Template-specific optimization of NGS genotyping pipelines reveals allele-specific variation in MHC gene expression
Data files
Jan 29, 2024 version files 70.10 KB
-
Data_MHC-I.xlsx
40.36 KB
-
Data_MHC-II.xlsx
28.32 KB
-
README.md
1.42 KB
Abstract
Using high-throughput sequencing for precise genotyping of multi-locus gene families, such as the Major Histocompatibility Complex (MHC), remains challenging, due to the complexity of the data and difficulties in distinguishing genuine from erroneous variants. Several dedicated genotyping pipelines for data from high-throughput sequencing, such as next-generation sequencing (NGS), have been developed to tackle the ensuing risk of artificially inflated diversity. Here, we thoroughly assess three such multi-locus genotyping pipelines for NGS data, the DOC method, AmpliSAS and ACACIA, using MHC class IIβ datasets of three-spined stickleback gDNA, cDNA, and “artificial” plasmid samples with known allelic diversity. We show that genotyping of gDNA and plasmid samples at optimal pipeline parameters was highly accurate and reproducible across methods. However, for cDNA data, gDNA-optimal parameter configuration yielded decreased overall genotyping precision and consistency between pipelines. Further adjustments of key clustering parameters were required tο account for higher error rates and larger variation in sequencing depth per allele, highlighting the importance of template-specific pipeline optimization for reliable genotyping of multi-locus gene families. Through accurate paired gDNA-cDNA typing and MHC-II haplotype inference, we show that MHC-II allele-specific expression levels correlate negatively with allele number across haplotypes. Lastly, sibship-assisted cDNA-typing of MHC-I revealed novel variants linked in haplotype blocks and a higher-than-previously-reported individual MHC-I allelic diversity. In conclusion, we provide novel genotyping protocols for the three-spined stickleback MHC-I and -II genes and evaluate the performance of popular NGS-genotyping pipelines. We also show that fine-tuned genotyping of paired gDNA-cDNA samples facilitates amplification bias-corrected MHC allele expression analysis.

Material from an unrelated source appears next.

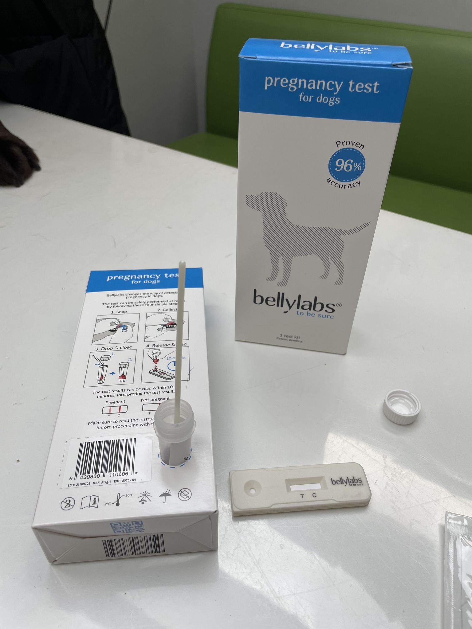 Nu kan du köpa dräktighetstest Bellylabs till tik hos VetZoo här. Testet kan lätt göras hemma och är tillförlitligt. Testet görs från dygn 28 och har en 96% säkerhet.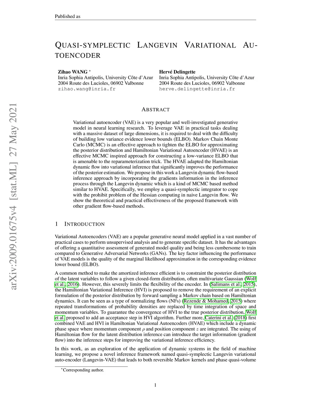 Quasi-symplectic Langevin Variational Autoencoder

README: Template-specific optimization of NGS genotyping pipelines reveals allele-specific variation in MHC gene expression
https://doi.org/10.5061/dryad.qfttdz0qb
Description of the data and file structure
This submission consists of two Excel files.
The file 'Data_MHC-I' includes information regarding the 10 three-spined stickleback families included in our MHC-I genotyping dataset, and is separated into three sheets:
(i) Families overview, with information regarding the number of offspring and individual IDs of the families (columns: family ID, and corresponding offspring IDs)
(ii) Family genotypes (columns: Family ID, Inferred Parental Genotype1, Inferred Parental Genotype2, Observed Offspring Genotypes, Number of Alleles Per Genotype, and Number of Offspring), and
(iii) Allele segregation by family, where a table is presented for each of the 10 families used to infer the genetic linkage between MHC-I loci of the three-spined stickleback.
The file 'Data_MHC-II' includes the genotypes of all samples included in our MHC-II genotyping dataset. It is structured in one sheet (columns: Sample ID, Sample template, Data subset, Genotype, and Depth, followed by the names and corresponding depth (in reads) of all alleles called in each sample. All genotypes described were obtained at optimal AmpliSAS configuration for each template type (gDNA, cDNA, plasmid), as described in detail in our paper.